Phil Janitz veredelt Titel mit Bestleistung
Mit 7,50 Meter sprang Phil Janitz (Düsseldorfer Athletics) so weit wie noch nie. Im zweiten Versuch setzte er den ersten von zwei Sieben-Meter-Sprüngen in die Grube. Im fünften Versuch standen nochmals 7,13 Meter im Weitsprung-Protokoll. Mit der Tagesbestweite von 7,50 Meter ngewann er nicht nur den Meistertitel, sondern buchte zugleich das Ticket für die U18-EM. Auf den weiteren Plätzen glänzten drei weitere Weitspringer mit Sprüngen über die Sieben-Meter-Marke wie EM-Norm (7,10 m). Ebenfalls mit persönlicher Bestmarke beendete Felix Remmele (TV 1891 Bürstadt) mit 7,28 Metern die Konkurrenz als Zweiter. Bronze ging an Alexander Mann (TV Ochenbruck), der seinen Hausrekord auf 7,19 Meter steigerte.
Im letzten von drei Zeitläufen stürmte die 4x100-Meter-Staffel des LAC Berlin in 41,75 Sekunden zum Sieg. So schnell wie das Quartett mit Moritz Mittelstädt, Moritz, Tim Hannebauer, Finn Bengsch und Danilo Hübner war in diesem Sommer noch keine Vereinsstaffel unterwegs. Ebenfalls noch unter 42 Sekunden blieb das Quartett von Eintracht Duisburg mit Simon Pancherz, Lars Fischer, Mats Altenrath und dem Jahresschnellsten über 100 Meter sowie Schlussläufer Fabian Wüst in 41,89 Sekunden.

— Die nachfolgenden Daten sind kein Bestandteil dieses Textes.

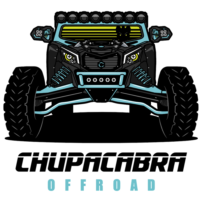 Chupacabra Offroad dresses this black and teal Can Am X3 with their stylish Cuero Race side mirrors! Rep your Chuy sticker on your laptop, water bottle, UTV roof - where you want!

Tausendstel-Krimi in der Staffel
Spannend der Kampf um Bronze, den das Quartett des SC DHfK Leipzig mit Maximilian Hanke, Jeremy Dante Weilandt, Paul Vogel und Noa Maximilian Schreiner in einem Kopf-an-Kopf-Rennen im ersten Zeitlauf mit den Staffeln des TSV Bayer 04 Leverkusen (42,06 sec) und der StG Team Sachsen-Anhalt (42,08 sec) in 42,06 Sekunden hauchdünn für sich entschied. Das Leverkusener Quartett Jelvis Frempong, Allen Cole, Marik Julian Scholz und Julian Löcher verpasste Bronze nur um vier Tausendstel.
Alexander Schwarz (ASV Erfurt) hat seine erst bei den Landesmeisterschaften in Arnstadt aufgestellte Bestzeit im 5.000 Meter Bahngehen nochmals unterboten. Er durfte sich in 21:50,31 Minuten über den Deutschen Meistertitel freuen. Obendrauf gab es noch das EM-Ticket für Rieti. „Wir sind schon sehr zügig angegangen, aber Valentin [Kräling] hat das schon sehr, sehr stark gemacht. Auf den letzten fünf Runden habe ich mein Herz in die Hand genommen“, sagte der 15-Jährige, der die familiäre Unterstützung von der Tribüne auf der Bahn spürte und sich dankbar zeigte. Auf Rang zwei folgte Valentin Kräling (TSV Bayer 04 Leverkusen) in 22:03,86 Minuten. Dritter wurde Paul Alberto Gutierrez Müller (Erfurter LAC; 24:20,69 min). In der Jugend U20 siegte Felix Aßmus (Erfurter LAC) in 24:34,41 Minuten vor Jakob Kellen (Diezer TSK Oranien; 25:30,87 min).